Directions for this task:
Only the pictures are dropped; the lines of the material that follow are returned exactly.

Provided records:
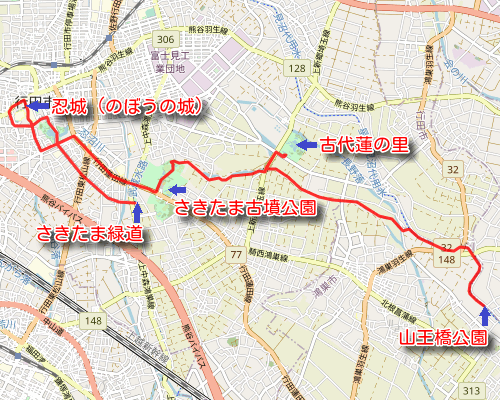 忍城は映画 のぼうの城 のロケで使われ、急に有名になりました。 越谷から山王橋公園までは 緑のヘルシーロード(北)→利根大堰 ルートで行き、さきたま緑道からは さきたま古墳公園→さきたま緑道→掛樋史跡公園 ルートで帰ります。 |
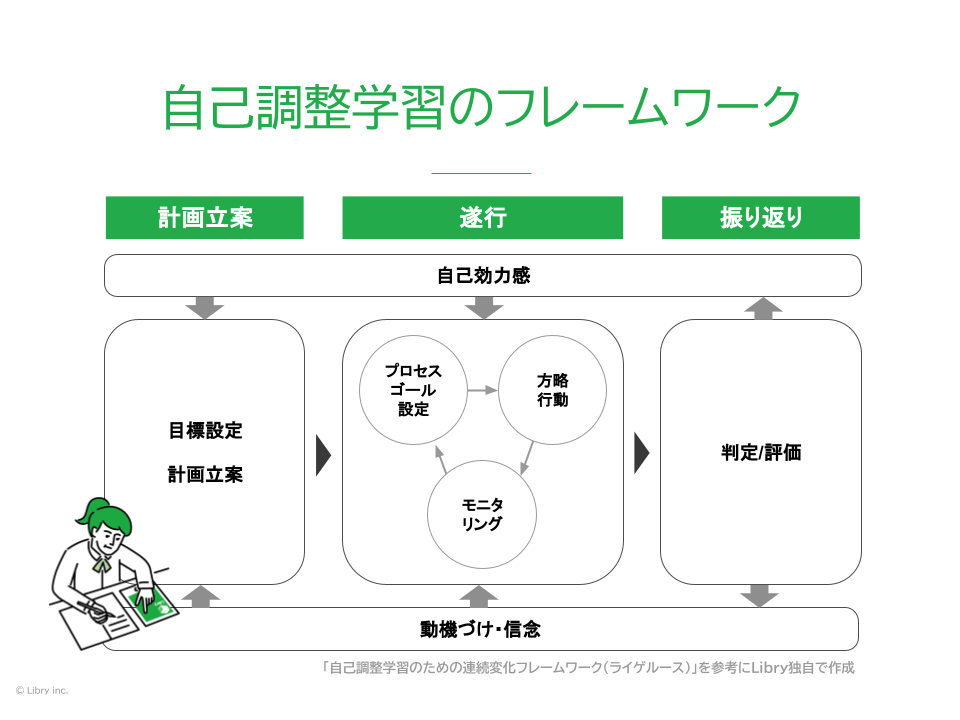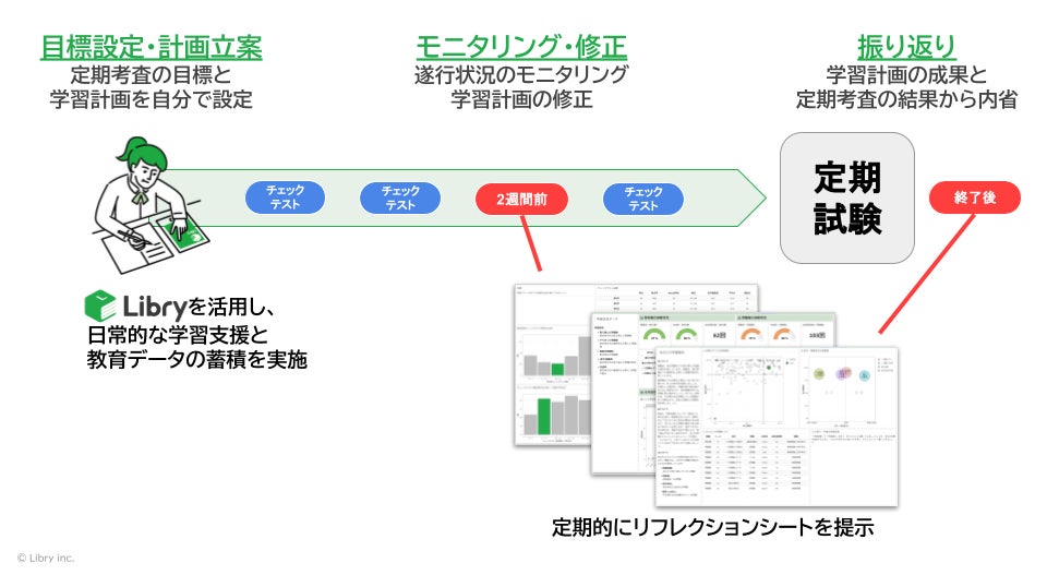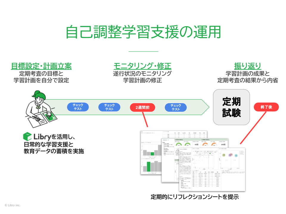 生徒自身で目標を設定し、Libryなどを活用して自由進度で学習を進めます。Libryから得られる日常的な学習記録をもとに作成したリフレクションシートを定期試験2週間前と定期試験後に提示することで学習状況を自覚させ、行動変容を促します。生徒自身が目標設定から実行、計画の修正、振り返りまでを繰り返し行うことで、自己調整学習能力を醸成します。
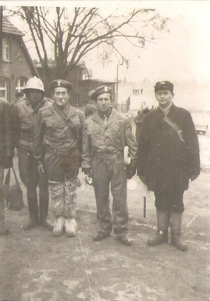 Ćwiczenia obrony cywilnej. Od lewej stoją: Leopold Domżalski, Gienek Smoliński, Józef Bółkowski.
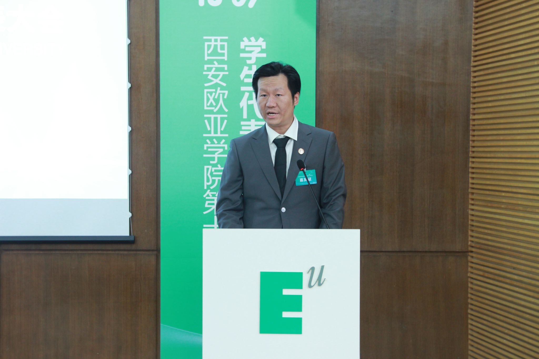 开幕式上,学生发展处副处长张成老师首先向与会领导、来宾、代表和同学们致以问候,并表达了对学校团学工作关心的领导的敬意以及对省学联同学和校内外嘉宾的欢迎。他强调了学生代表的先进性和代表性,呼吁他们以高度的责任感和政治热情参与会议,共同推动学校发展,实现"十四五"规划目标,为建设受尊重的私立大学和中华民族伟大复兴贡献力量。
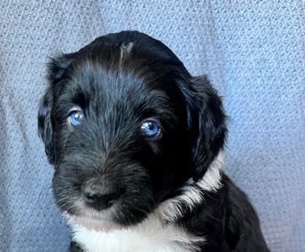 Our Double Doodle puppies include merle, brown, phantom, blue, and black. Aussiedoodle puppies include blue merle, black and white, and black tri-color. Colors will vary depending on the parent dogs.
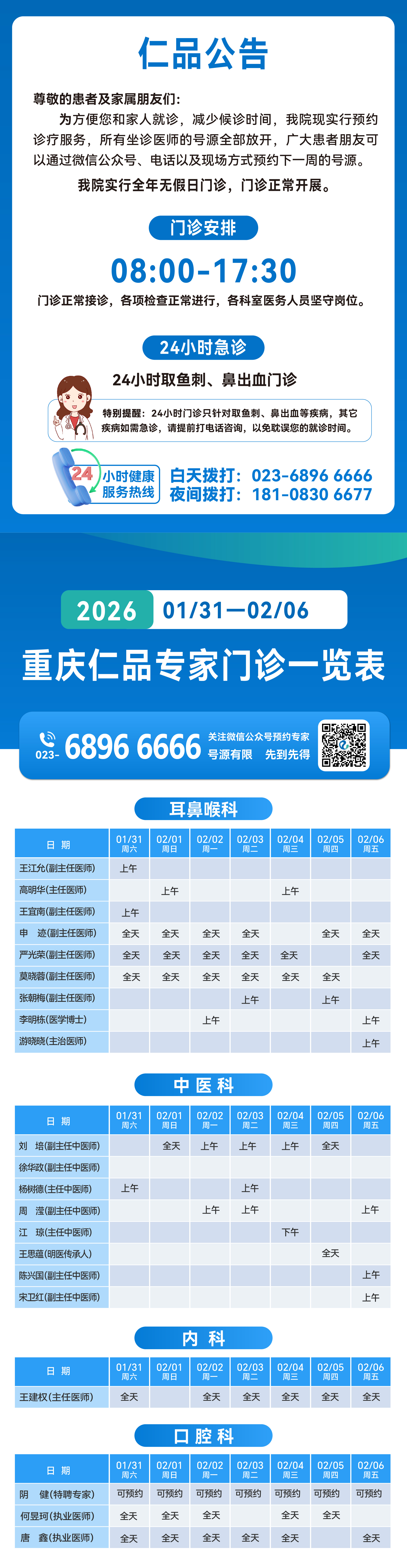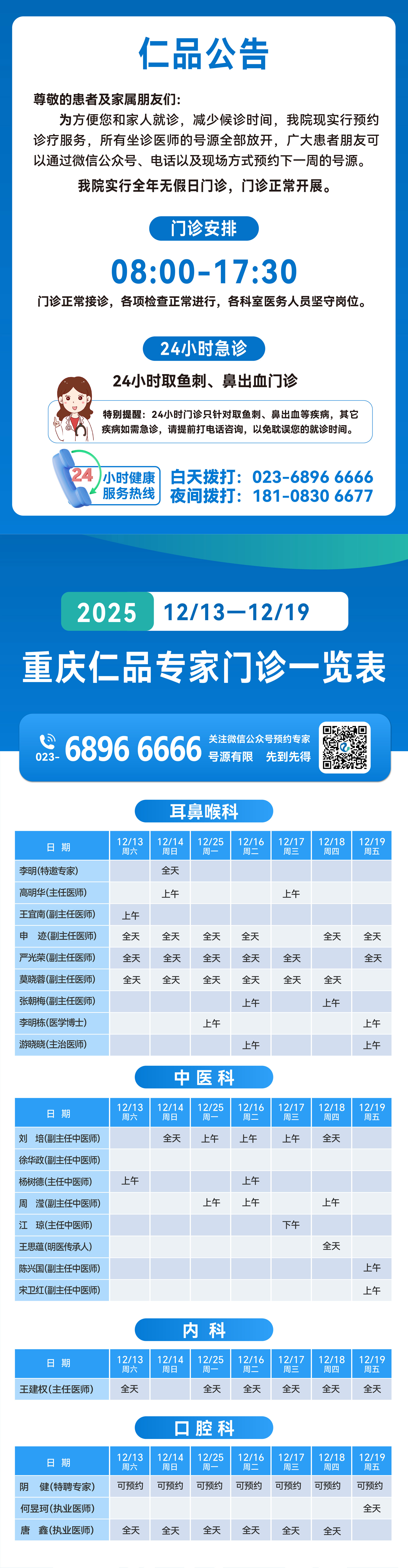 专家出诊表

Answer section:
 忍城は映画 のぼうの城 のロケで使われ、急に有名になりました。 越谷から山王橋公園までは 緑のヘルシーロード(北)→利根大堰 ルートで行き、さきたま緑道からは さきたま古墳公園→さきたま緑道→掛樋史跡公園 ルートで帰ります。 |
 生徒自身で目標を設定し、Libryなどを活用して自由進度で学習を進めます。Libryから得られる日常的な学習記録をもとに作成したリフレクションシートを定期試験2週間前と定期試験後に提示することで学習状況を自覚させ、行動変容を促します。生徒自身が目標設定から実行、計画の修正、振り返りまでを繰り返し行うことで、自己調整学習能力を醸成します。
 Ćwiczenia obrony cywilnej. Od lewej stoją: Leopold Domżalski, Gienek Smoliński, Józef Bółkowski.
 开幕式上,学生发展处副处长张成老师首先向与会领导、来宾、代表和同学们致以问候,并表达了对学校团学工作关心的领导的敬意以及对省学联同学和校内外嘉宾的欢迎。他强调了学生代表的先进性和代表性,呼吁他们以高度的责任感和政治热情参与会议,共同推动学校发展,实现"十四五"规划目标,为建设受尊重的私立大学和中华民族伟大复兴贡献力量。
 Our Double Doodle puppies include merle, brown, phantom, blue, and black. Aussiedoodle puppies include blue merle, black and white, and black tri-color. Colors will vary depending on the parent dogs.
 专家出诊表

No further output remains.